The German minister’s statements came after a meeting with his Israeli counterpart, Gideon Sa’ar, in Tel Aviv – today, Saturday – at the end of a tour of the Middle East that lasted several days.
The politician from Chancellor Friedrich Merz’s Christian Democratic Party said that his confidence in the peace process “has increased to the point where I think we can review the travel warnings related to Israel,” noting that he aims, by easing the travel warnings, to contribute once again to increasing the growing exchange between Germany and Israel.
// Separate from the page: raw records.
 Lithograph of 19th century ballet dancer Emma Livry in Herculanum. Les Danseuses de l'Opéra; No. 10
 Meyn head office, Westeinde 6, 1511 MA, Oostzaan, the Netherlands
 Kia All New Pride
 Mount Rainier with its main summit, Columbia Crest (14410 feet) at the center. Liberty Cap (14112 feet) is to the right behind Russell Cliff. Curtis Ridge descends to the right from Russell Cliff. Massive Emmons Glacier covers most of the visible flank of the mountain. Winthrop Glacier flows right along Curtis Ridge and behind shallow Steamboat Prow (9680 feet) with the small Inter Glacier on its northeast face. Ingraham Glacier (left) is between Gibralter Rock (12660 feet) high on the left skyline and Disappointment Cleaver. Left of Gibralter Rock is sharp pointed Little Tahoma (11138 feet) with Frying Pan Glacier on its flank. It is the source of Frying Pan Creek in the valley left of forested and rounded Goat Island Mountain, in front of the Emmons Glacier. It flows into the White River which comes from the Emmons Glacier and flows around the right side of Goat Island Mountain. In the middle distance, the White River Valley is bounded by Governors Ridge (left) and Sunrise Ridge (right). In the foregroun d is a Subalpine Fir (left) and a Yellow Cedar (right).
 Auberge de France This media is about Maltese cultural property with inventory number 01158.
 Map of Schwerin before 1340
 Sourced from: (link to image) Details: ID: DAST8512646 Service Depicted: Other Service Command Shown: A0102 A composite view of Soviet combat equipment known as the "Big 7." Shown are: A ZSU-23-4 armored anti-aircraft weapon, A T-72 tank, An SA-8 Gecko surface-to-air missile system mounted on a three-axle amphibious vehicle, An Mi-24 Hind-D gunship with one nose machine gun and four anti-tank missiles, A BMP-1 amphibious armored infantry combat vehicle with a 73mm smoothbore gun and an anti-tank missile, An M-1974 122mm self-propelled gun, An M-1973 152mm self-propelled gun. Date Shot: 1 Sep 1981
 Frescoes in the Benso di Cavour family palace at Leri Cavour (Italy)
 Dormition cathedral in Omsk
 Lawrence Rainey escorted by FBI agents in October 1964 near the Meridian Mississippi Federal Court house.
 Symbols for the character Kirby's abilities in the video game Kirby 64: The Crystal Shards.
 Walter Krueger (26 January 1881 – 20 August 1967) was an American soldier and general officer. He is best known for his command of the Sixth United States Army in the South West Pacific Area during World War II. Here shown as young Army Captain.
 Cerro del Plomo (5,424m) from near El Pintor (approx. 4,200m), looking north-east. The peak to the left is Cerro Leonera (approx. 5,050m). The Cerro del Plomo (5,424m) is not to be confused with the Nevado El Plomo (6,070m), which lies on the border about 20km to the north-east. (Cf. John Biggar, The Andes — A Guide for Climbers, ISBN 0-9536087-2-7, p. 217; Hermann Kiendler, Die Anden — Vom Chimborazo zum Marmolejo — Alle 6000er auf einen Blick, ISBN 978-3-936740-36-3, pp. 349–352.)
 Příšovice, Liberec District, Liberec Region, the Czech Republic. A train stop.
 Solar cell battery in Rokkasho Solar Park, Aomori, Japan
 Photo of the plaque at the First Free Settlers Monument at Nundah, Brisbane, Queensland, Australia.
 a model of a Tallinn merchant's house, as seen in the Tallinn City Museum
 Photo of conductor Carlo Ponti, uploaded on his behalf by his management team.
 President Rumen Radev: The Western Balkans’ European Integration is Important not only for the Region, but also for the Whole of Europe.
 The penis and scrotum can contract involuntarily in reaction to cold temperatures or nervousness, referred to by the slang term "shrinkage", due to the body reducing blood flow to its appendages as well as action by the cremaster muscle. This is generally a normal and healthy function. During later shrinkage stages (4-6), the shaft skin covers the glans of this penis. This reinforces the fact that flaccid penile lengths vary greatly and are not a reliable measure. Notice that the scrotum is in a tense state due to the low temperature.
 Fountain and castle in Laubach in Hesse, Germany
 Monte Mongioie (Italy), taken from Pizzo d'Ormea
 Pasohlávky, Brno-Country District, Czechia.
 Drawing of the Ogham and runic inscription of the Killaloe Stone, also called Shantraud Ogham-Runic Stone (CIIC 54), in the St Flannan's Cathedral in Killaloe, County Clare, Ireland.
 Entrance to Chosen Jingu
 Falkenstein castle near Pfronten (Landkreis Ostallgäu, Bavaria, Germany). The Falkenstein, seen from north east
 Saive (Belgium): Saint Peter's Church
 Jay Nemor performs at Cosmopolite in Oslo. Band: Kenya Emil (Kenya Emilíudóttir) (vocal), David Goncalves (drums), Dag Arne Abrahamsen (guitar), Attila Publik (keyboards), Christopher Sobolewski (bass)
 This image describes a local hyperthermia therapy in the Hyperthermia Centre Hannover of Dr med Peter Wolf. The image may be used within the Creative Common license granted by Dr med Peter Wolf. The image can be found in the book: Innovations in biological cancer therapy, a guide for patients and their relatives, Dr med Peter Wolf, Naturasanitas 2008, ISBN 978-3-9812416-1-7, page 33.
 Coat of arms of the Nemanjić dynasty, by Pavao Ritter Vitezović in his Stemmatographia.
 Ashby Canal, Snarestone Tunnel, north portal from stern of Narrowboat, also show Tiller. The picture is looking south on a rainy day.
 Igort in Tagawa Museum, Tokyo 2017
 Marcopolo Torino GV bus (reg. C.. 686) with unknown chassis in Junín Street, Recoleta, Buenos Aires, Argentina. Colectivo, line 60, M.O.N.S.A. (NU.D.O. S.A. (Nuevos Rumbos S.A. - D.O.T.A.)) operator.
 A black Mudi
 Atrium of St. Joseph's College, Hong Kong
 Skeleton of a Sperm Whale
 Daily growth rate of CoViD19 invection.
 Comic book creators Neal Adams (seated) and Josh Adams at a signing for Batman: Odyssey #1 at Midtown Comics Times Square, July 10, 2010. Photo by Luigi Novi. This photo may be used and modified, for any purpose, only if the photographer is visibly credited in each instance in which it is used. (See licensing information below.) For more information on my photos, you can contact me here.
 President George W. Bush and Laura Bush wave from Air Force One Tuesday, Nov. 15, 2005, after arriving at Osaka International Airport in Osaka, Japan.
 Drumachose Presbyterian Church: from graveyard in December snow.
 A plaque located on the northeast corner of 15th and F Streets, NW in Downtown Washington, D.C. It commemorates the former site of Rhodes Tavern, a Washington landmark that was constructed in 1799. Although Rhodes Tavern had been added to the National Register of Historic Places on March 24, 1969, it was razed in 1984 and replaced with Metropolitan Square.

“This is of particular concern to me for the younger generation,” Vadivhol added, expressing his regret that students and students currently face great obstacles in traveling to Israel.
Vadivule stated that he would assign the Ministry of Foreign Affairs to handle the details of this matter, and that they would be announced in the middle of this week.
Regarding the continued implementation of the peace plan, the German minister said that he realizes that “what we are heading towards is a difficult matter,” stressing that the first condition for achieving a permanent safe and stable situation in the Gaza Strip is to ensure the establishment of a ceasefire between Israel and the Islamic Resistance Movement (Hamas).
He continued: “I have the general impression that both sides have a firm will to transform this ceasefire into a permanent process that ends in peace.”
Vadiful believed that “it is easier to say that the Hamas movement must be disarmed than to actually implement this matter,” noting that “the common will to achieve this already exists.”
The German Foreign Minister was on his way back from a tour that included Jordan, Syria, Lebanon, and Bahrain, when he arrived in Israel, where Sa’ar received him at his private residence in the greater Tel Aviv area, in a gesture that was considered a special appreciation from the Israeli side.
At the conclusion of his visit, Vadivul met at Ben Gurion Airport with the parents of the slain soldier Itai Sheen, Hagit and Ruby Sheen, as their son was among the prisoners in the Gaza Strip and was later killed. Itai Shin also held German citizenship, while the resistance in Gaza has not yet returned his body.